The results also confirmed a record high production tally. And a rate of 70,017 barrels a day being reached last week. This comes after the firm’s operations team had to overcome issues relating to sand ingression into a number of wells.

These problems are now ‘under control’, according to the Dragon Oil chief.

“I want to assure everybody. At first we were quite alarmed and we thought it (the impact) could be dramatic. But over the past few months we now have a much better understanding and much better control of it.”

The Dragon Oil chief explains that the required equipment is relatively inexpensive. A de-sander suited to a well producing 5-6,000 barrels a day costs between US$500,000 and US$1 million at the most, he says and Dragon has only needed to install two de-sanders so far.

Going forward Dragon intends to continue its expansion of its operations in the Caspian Sea, offshore Turkmenistan.

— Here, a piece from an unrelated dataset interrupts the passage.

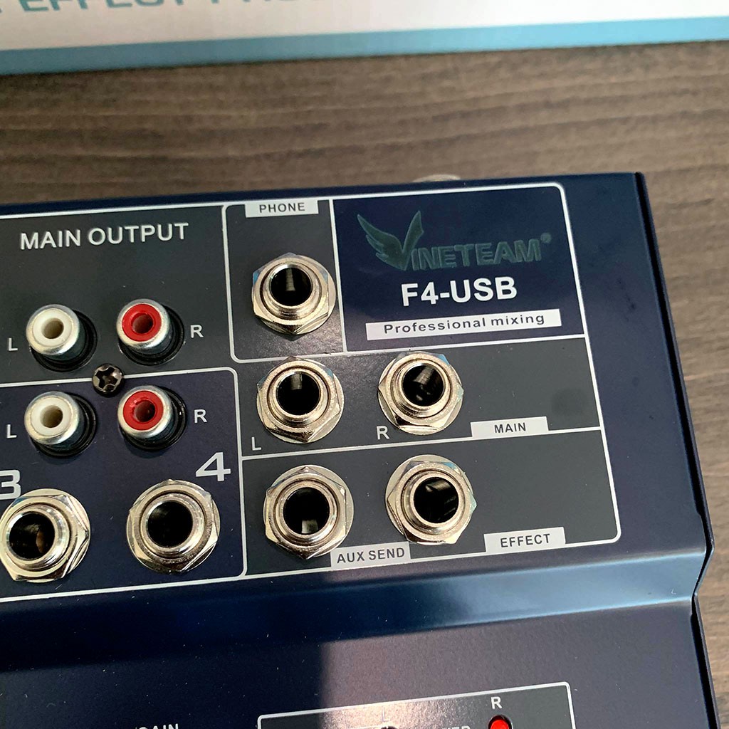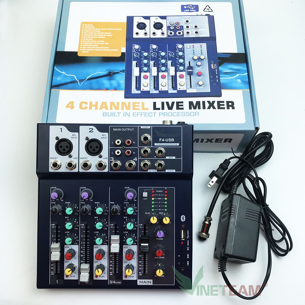 BỘ CHỘN ÂM THANH KARAOKE MIXER VINETTEAM F4 USB CÓ BLUETOOTHBộ trộn âm thanh Mixer F4-USB là dòng mixer mini xử lý hiệu ứng âm thanh chất lượng cao với 4 kênh đầu vào, cung cấp nguồn phantom 48V cho mic condenser, hỗ trợ nghe nhạc, thu âm và hát karaoke.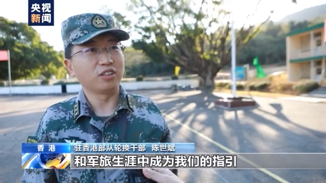 驻香港部队轮换干部 陈世斌:感谢驻港部队,在这六年的时间里自己经历了历练和成长。不管在驻港部队呆三年五年还是六年,相信驻港部队的精神会融入我们的血脉,会在我们人生的道路上和军旅生涯中成为我们的指引。

It aims to maintain a target of growing production growth at 10 to 15 per cent a year with output increasing to 100,000 barrels a day in that time.

Investors will be rewarded with a 15 cents a share interim dividend, while in June the group said it would spend US$200 million buying back its own stock – so far around 15 million shares have been bought back.

While Dragon has not secured any major acquisitions, it has added a number of relatively earl stages exploration projects in Iraq, Tunisia and more recently Afghanistan.

In this morning’s statement, Dr Abdul Jaleel Al Khalifa said: "Progress has been made with our diversification strategy. Dragon Oil, in a consortium of companies, has been awarded Block Nine for exploration and development in Iraq and the initialling of the service contract has already taken place. 

“In Tunisia, our partner in the Bargou Exploration Permit, Cooper Energy Limited has secured a rig to commence drilling of the Hammamet West-3 well in the Hammamet West Oil Field at the end of this year or early next year. 

“We continue our search for oil and gas assets in the regions of interest to us and to this end Dragon Oil has been pre-qualified for bidding for blocks in Afghanistan later this year.

"Board and senior management have been strengthened by appointments at the beginning of this year adding to the Group's expertise and further enhancing the people-driven culture within the organisation.”